Figure 4.. PIK3CA mutant interactome.

(A) Overview of the PIK3CA signaling pathway, which is often stimulated by RTKs that interact with PIK3CA to stimulate RAS/Raf-mediated or Akt/mTORC1-mediated downstream signaling. (B) Analyzed PIK3CA mutants and their frequency in HNSCC tumors from TCGA. Asterisk (*) denotes mutations annotated as oncogenic in OncoKB (65). Graph bars corresponding to each mutation were color-coded to indicate their localization within the p110α domain (as indicated in the legend in top right corner). (C) Selected PIK3CA mutations were mapped on the structure of PI3K (PDB: 4L23) (66) by highlighting the mutated residues as red spheres. (D) Quantification of PPIs for all PIK3CA HC-PPIs detected in the SCC-25 cell line (all cell lines displayed in Figure S4A). (E) Cartoon representation of a zoomed-in view of PI3K illustrating a salt bridge formed between K11 and E81 (PDB: 4L23). (F) A zoomed-in view depicting interactions made by G1007 in PI3K (PDB: 4L23). (G) Cartoon representation of different mutation induced PI3K activation mechanisms and their respective HER3 binding preferences.

Figure 5.. In vivo targeting of HER3 in the context of different PIK3CA mutants.

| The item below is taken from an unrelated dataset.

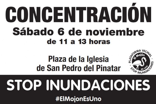 El próximo sábado 6 de noviembre de 11 a 13 horas habrá una concentración en la plaza de la Iglesia de San Pedro del Pinatar convocada por la Plataforma Vecinal Stop Inundaciones EL Mojón Es Uno.
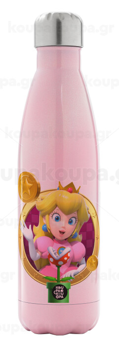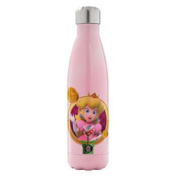 Princess Peach Toadstool, Μεταλλικό παγούρι θερμός Ροζ Ιριδίζον (Stainless steel), διπλού τοιχώματος, 500ml

(A) Bar chart representing the ratio of helical domain (E545 and E542) mutations as compared to kinase domain mutations (H1047) across TCGA PanCancer Altas studies represented in cBioPortal (68). Line graph showing the mRNA expression (RSEM) for NRG1 across the same studies. (B) Correlation of Log2 HER3 interaction levels from AP-MS experiments and Log2 HER3 Y1197 phosphorylation levels from immunoblot analysis. All values are normalized by FLAG-PIK3CA levels in their respective experiments. Mutations marked in red were selected for in vivo experiments. (C-D) CAL-27 cells expressing inducible PIK3CA variants were transplanted into athymic nude mice. Mice were fed with doxycycline to induce PIK3CA expression. When tumor volumes reached approximately 100 mm³, mice were treated with vehicle (PBS) or CDX3379 (10mg/kg, twice a week) for approximately 15 days, as indicated. Shown are (C) tumor growth curves, (D) representative tumor images, and (C) last day tumor volume (****P < 0.0001 when compared with the control-treated group). (E) Quantification of immunoblot analysis of signaling events in the same CAL-27 cells in vitro. PIK3CA variant expression was induced by doxycycline (1μg/ml in culture medium), cells were treated with CDX3379 (1μg/ml, 1hr), and lysates were analyzed by immunoblotting as indicated. Densitometry analysis of western blots was performed using ImageJ. Data are represented as mean ± SEM, n= 3 in each group. (*P < 0.05 when compared with the control-treated group).